In the answer, each line from the top of the material through the line that contains "Mit den Spielbecher" is restated exactly. No picture is given again.
□ □ □ □ □ □ □
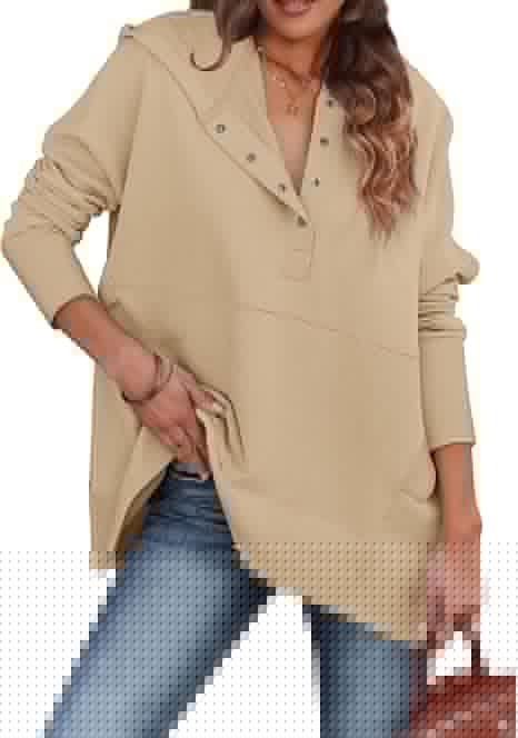 Womens Oversized Hoodies Buttons V Neck Pullover Sweatshirt Casual Loose Sweater Fall Winter Clothes
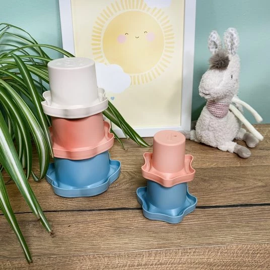 Mit den Spielbecher play green von Nip hat Dein kleiner Baumeister blumenförmige Becher, die alle der richtigen Größe nach zu einem großen Regenbogen-Turm gestapelt oder ineinander gesteckt werden wollen. Dank der zauberhaften Farben macht das ganz besonders viel Spaß. Doch auch im Wasser oder am Strand mit Sand bereiten die Spielbecher Deinem Weltentdecker viel Freude.
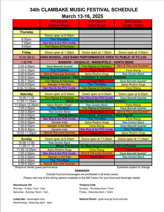 The day begins with special performances by local high school bands at the Mill Casino from 10:00 a.m. to 1:30 p.m., followed by featured bands performing in the Salmon Room, Hazel Room, and Cedar Room from 2:00 p.m. to 10:30 p.m., including the following acts:
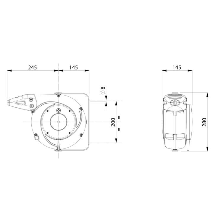 • Federrückzug für eine gleichmäßige und mühelose Aufwicklung des Kabels, um Stolperfallen zu vermeiden und die Sicherheit am Arbeitsplatz zu erhöhen
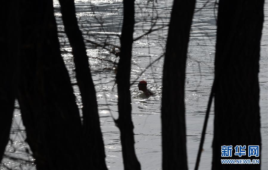 12月20日,83岁的冬泳爱好者周汉英在黄河冬泳。新华社记者陶希夷摄
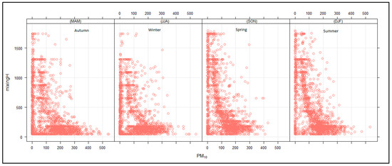 10 concentrations observed when humidity was low, though this was not as prevalent compared to when humidity was high, as was the case in other seasons. Therefore, humidity conditions positively affected the PM
□ □ □ □ □ □ □
» ANSWER SECTION
 Womens Oversized Hoodies Buttons V Neck Pullover Sweatshirt Casual Loose Sweater Fall Winter Clothes
 Mit den Spielbecher play green von Nip hat Dein kleiner Baumeister blumenförmige Becher, die alle der richtigen Größe nach zu einem großen Regenbogen-Turm gestapelt oder ineinander gesteckt werden wollen. Dank der zauberhaften Farben macht das ganz besonders viel Spaß. Doch auch im Wasser oder am Strand mit Sand bereiten die Spielbecher Deinem Weltentdecker viel Freude.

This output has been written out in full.